● EXERCISE DETAILS: Print the whole listing below exactly as given, pictures excluded.

● MATERIAL FOR THE TASK:
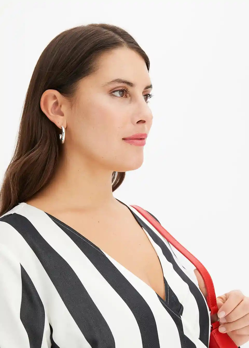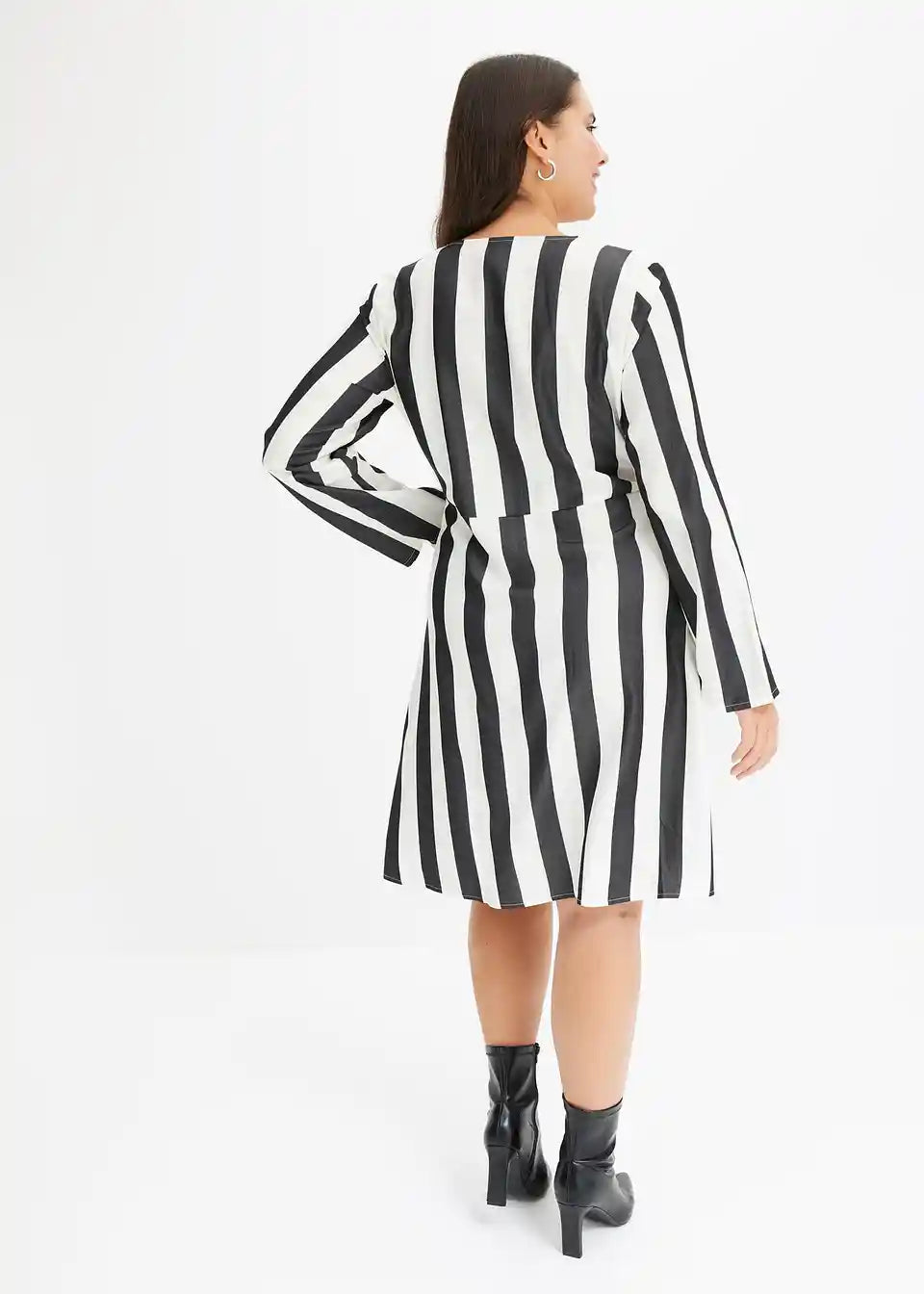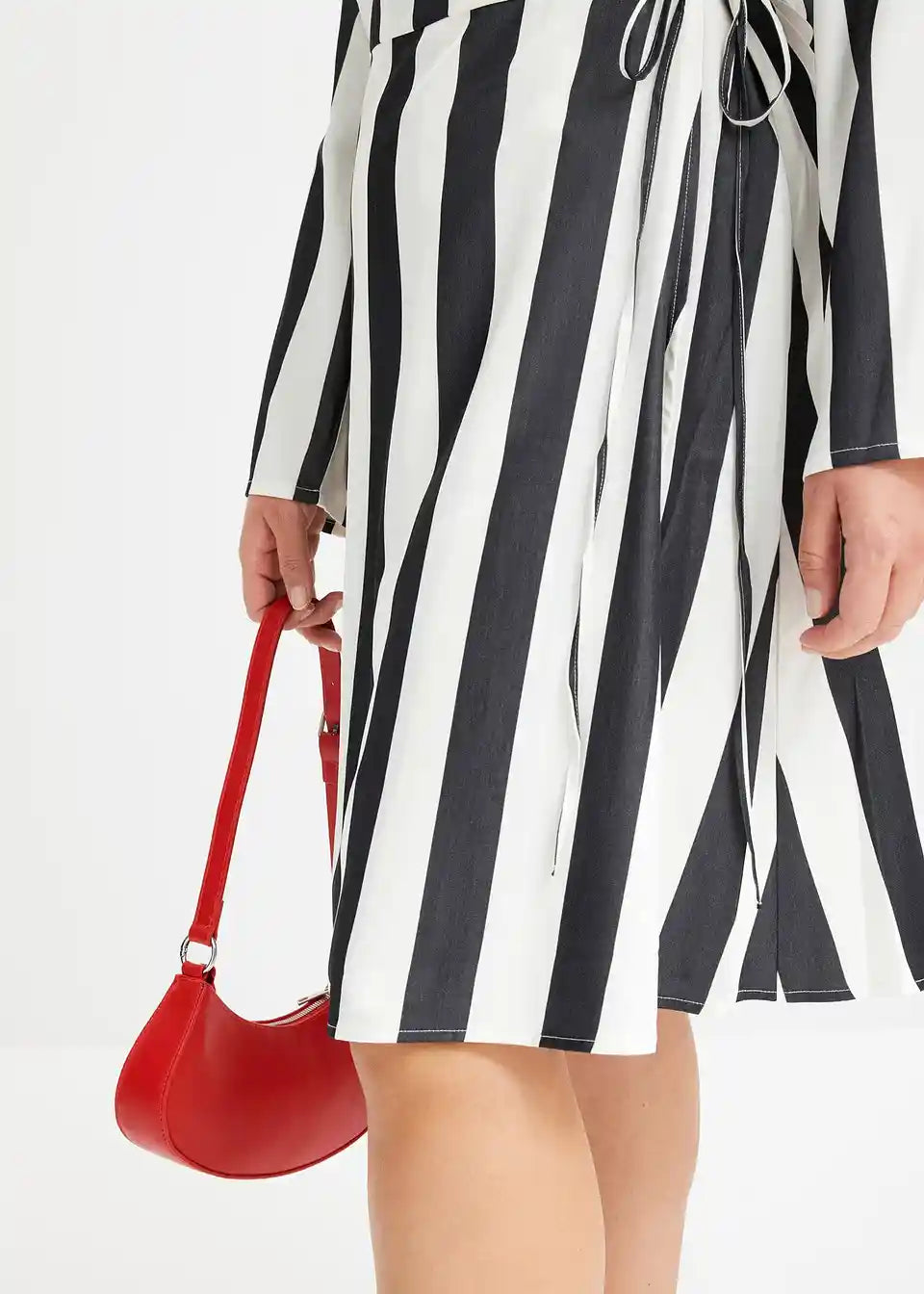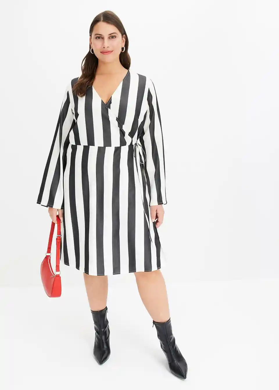 Čudovita obleka s črtami, V-izrezom in ovijalkastim krojem
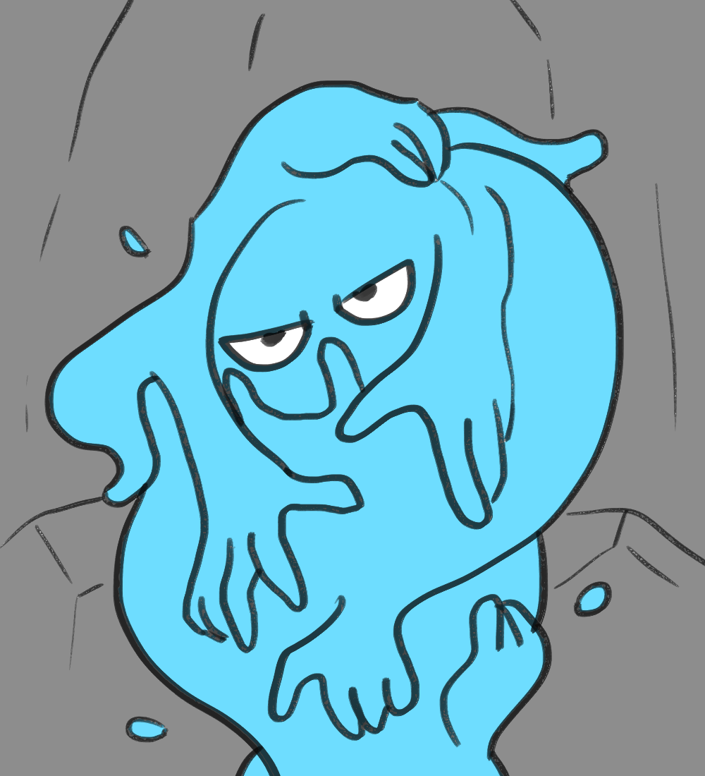 The top heavy shrimp is working furiously at her desk when the robot enters the room. She does not notice its approach until it speaks.
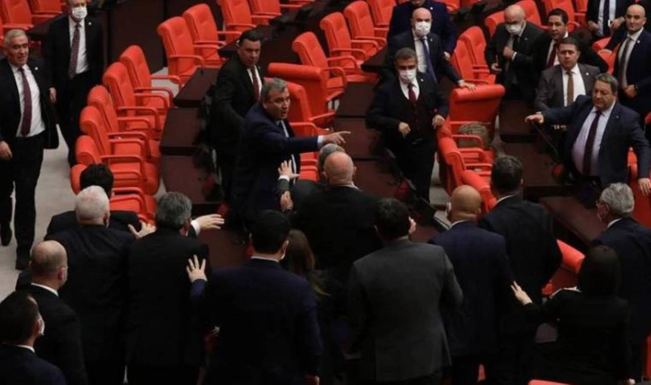 CHP milletvekilleri de aynı şekilde karşılık verdi. Yaşanan gerginlikte araya giren milletvekilleri kavgayı önledi.
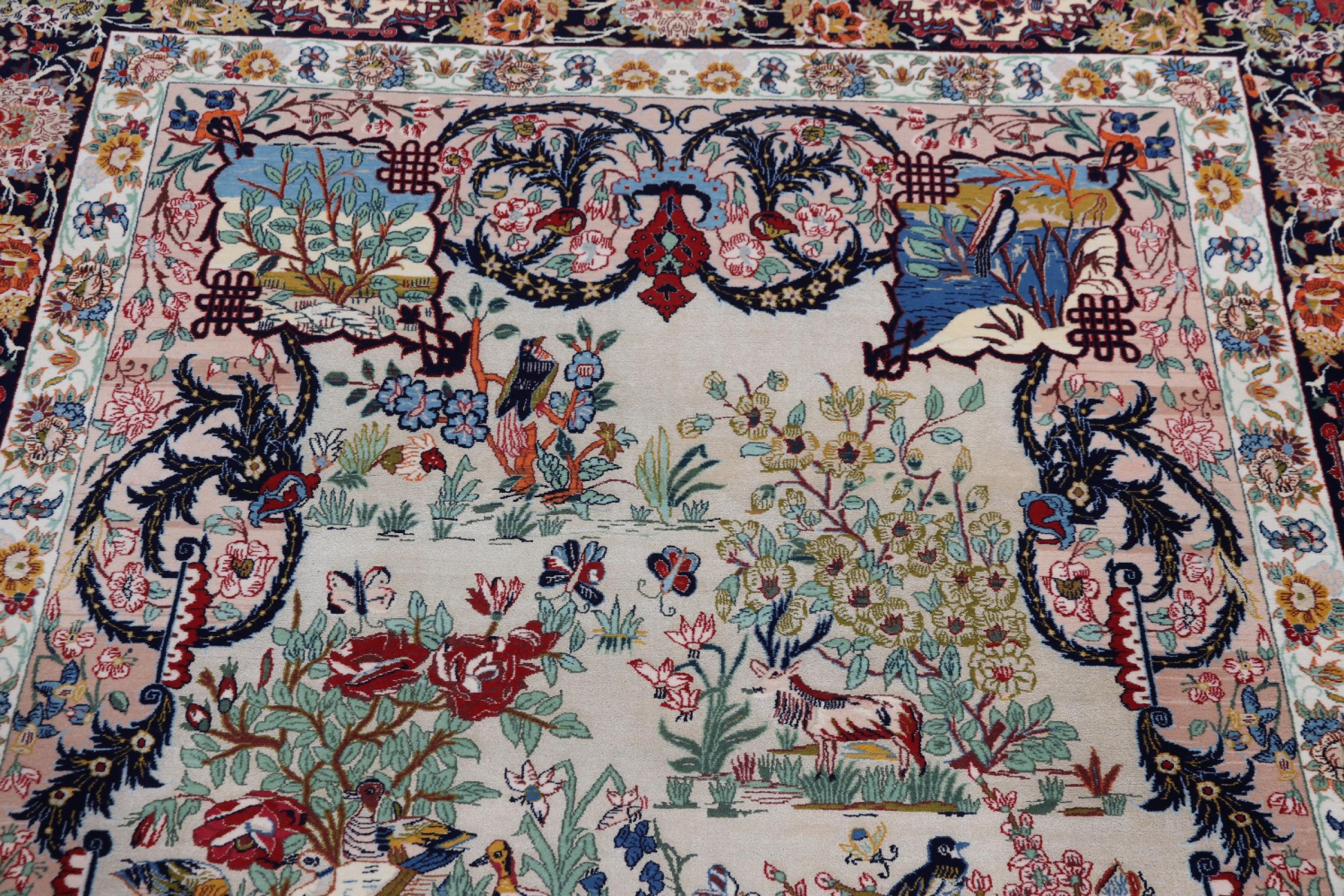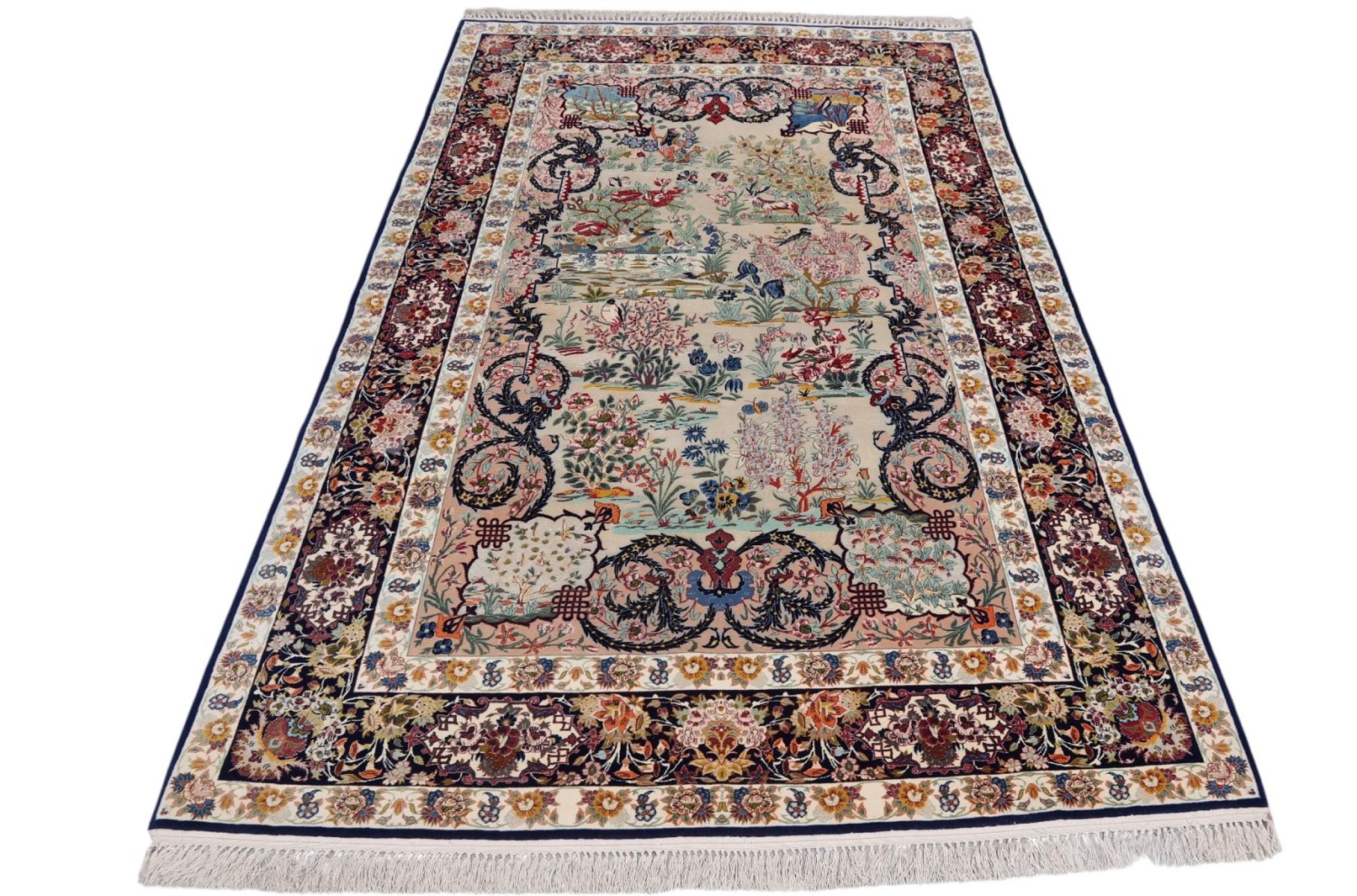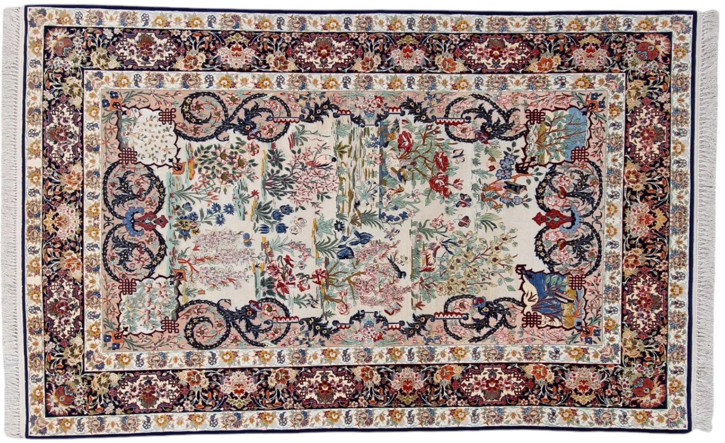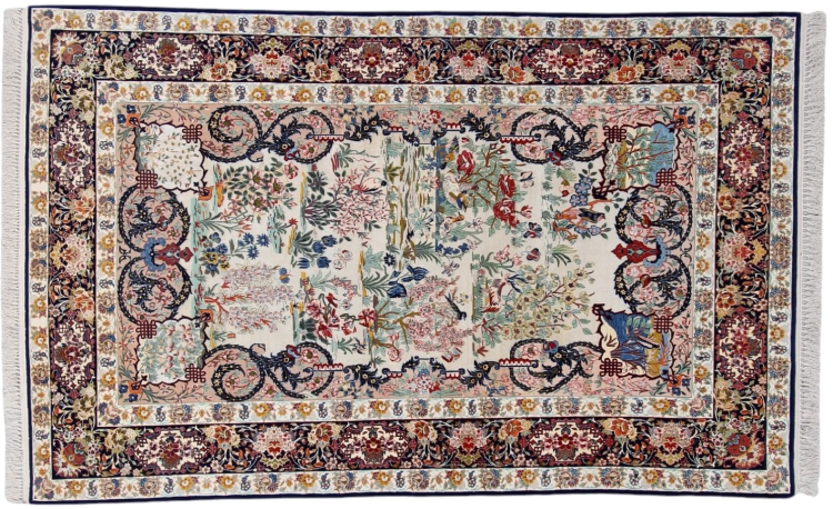 Alfombra número: 278621007157317 Tamaño: 241x151 cm Espesor: alrededor de 5 mm Nudos: 750 000 / m² Elaboración: Anudado a mano Crespón: Lana con seda Urdimbre: Seda Origen: Persia / Iran Edad: Nuevo Peso: alrededor de 13 kg Cantidad en stock: Única - Solo 1 en stock
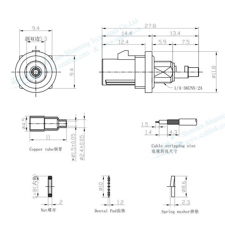 Matériaux du connecteur : Boîtier : alliage ternaire de laiton ; Broche centrale : laiton plaqué or ; Isolant : PTFE ; Enveloppe extérieure : PA66 + 30 % GF ; Tube en cuivre : laiton nickelé ; Joint torique : silicone noir

● WRITTEN SOLUTION:
 Čudovita obleka s črtami, V-izrezom in ovijalkastim krojem
 The top heavy shrimp is working furiously at her desk when the robot enters the room. She does not notice its approach until it speaks.
 CHP milletvekilleri de aynı şekilde karşılık verdi. Yaşanan gerginlikte araya giren milletvekilleri kavgayı önledi.
 Alfombra número: 278621007157317 Tamaño: 241x151 cm Espesor: alrededor de 5 mm Nudos: 750 000 / m² Elaboración: Anudado a mano Crespón: Lana con seda Urdimbre: Seda Origen: Persia / Iran Edad: Nuevo Peso: alrededor de 13 kg Cantidad en stock: Única - Solo 1 en stock
 Matériaux du connecteur : Boîtier : alliage ternaire de laiton ; Broche centrale : laiton plaqué or ; Isolant : PTFE ; Enveloppe extérieure : PA66 + 30 % GF ; Tube en cuivre : laiton nickelé ; Joint torique : silicone noir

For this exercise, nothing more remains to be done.